Eastern China is in the midst of a two-decade-long cooling trend, according to a new study, which labeled it a continuation of the “warming hiatus” that global temperatures experienced in the early 21st century.
“During the past two decades since 1997, eastern China has experienced a warming hiatus punctuated by significant cooling in minimum temperature (Tmin), particularly during early-mid winter,” researchers with the China Meteorological Administration wrote in their July study.
An incredibly strong El Nino warming event largely ended the 15-year global warming “hiatus” in global average temperatures — and the two-decade hiatus in satellite data warming — but not in eastern China.
“There is no evidence indicating a termination of the recent warming hiatus in eastern China,” researchers found. “The question of when the accelerated warming trend will resume needs to be answered by climate model prediction.”

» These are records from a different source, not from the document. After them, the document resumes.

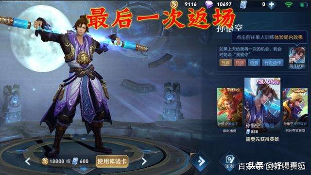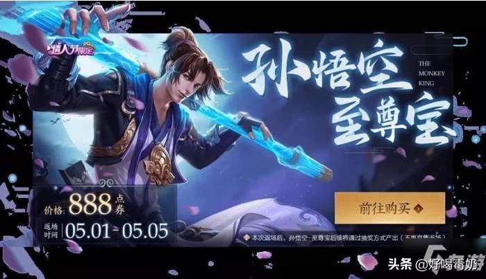 ps:此次至尊宝皮肤返厂最后一次之直售,以后会以抽奖的形式上架的。
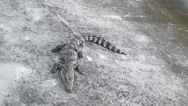 另据一则视频显示,一条鳄鱼趴在江岸边,围观市民在岸堤护栏外喊着“动了,动了”。
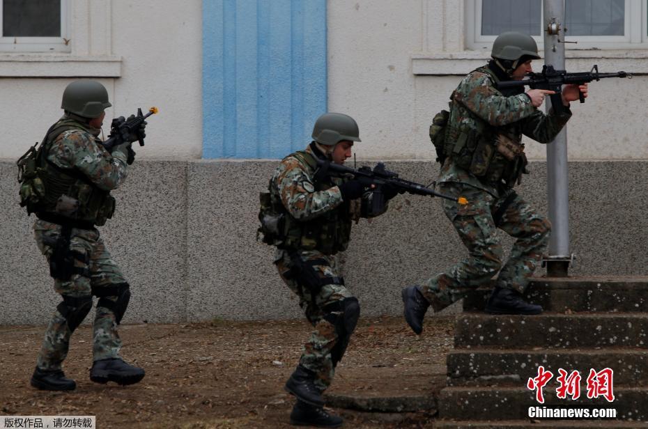 近日,马其顿陆军和警察特种部队士兵在与美国海军海豹突击队进行3个星期的训练后在斯科普里进行演习,展示他们的训练成果。
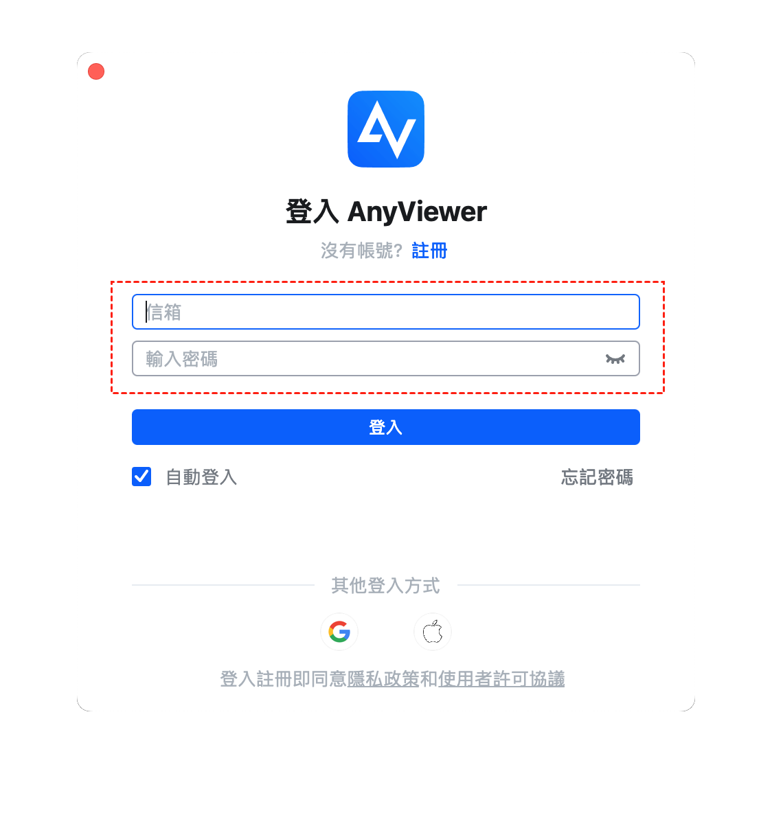步驟1.在Mac電腦上下載並安裝AnyViewer,開啟後進入「登入」視窗註冊一個帳戶(若已在官網註冊過可直接登入)。
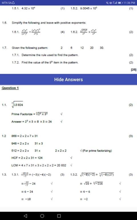 Grade 8 Mathematics Mobile Application content:
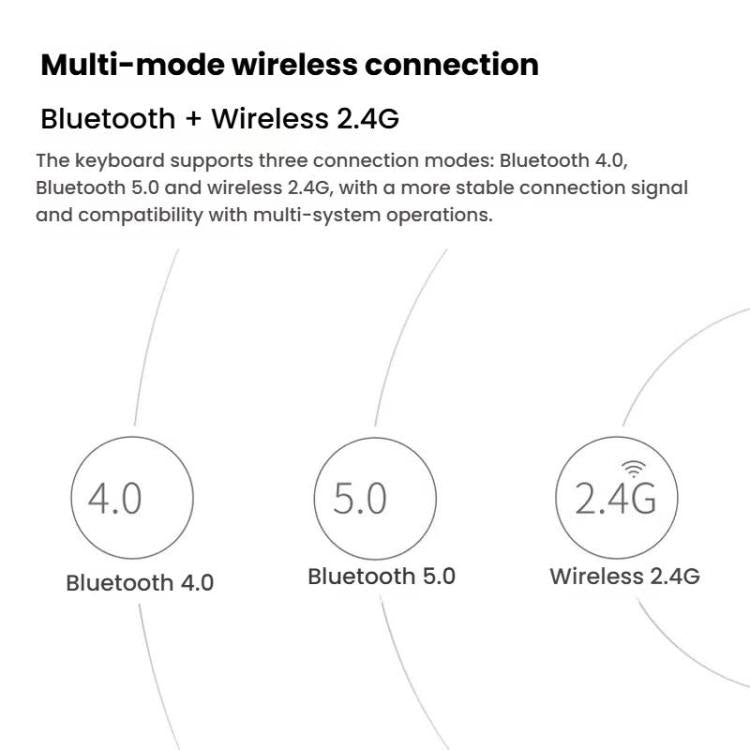 1. Supports three connection modes: Bluetooth 4.0, Bluetooth 5.0 and wireless 2.4G, more stable connection signal, compatible with multi-system operation
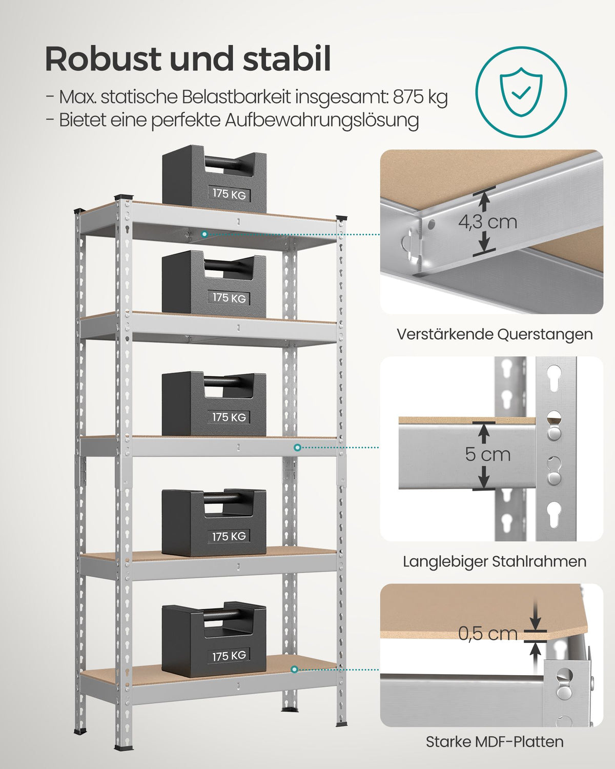 Robuuste stellingkast met 5 planken, 45 x 90 x 180 cm, zilver

The study found from 1998 to 2013 “the domain-averaged Tmin exhibited the strongest cooling trend and the number of significant cooling stations peaked.” There was “significant cooling” in minimum temperatures through 2016 in northern China, the Yangtze-Huai River Valley, and southern China.
“This sustained hiatus gave rise to increasingly frequent and severe cold extremes there,” researchers wrote.
“Concerning its prolonged persistency and great cooling rate, the recent warming hiatus over eastern China deviates much from most historical short-term trends during the past five decades and thus could be viewed as an outlier against the prevalent warming context,” researchers stated.
The Chinese report comes amid media fervor over a new study claiming a less than 5 percent chance the Earth will avoid “dangerous” levels of global warming by the end of the century.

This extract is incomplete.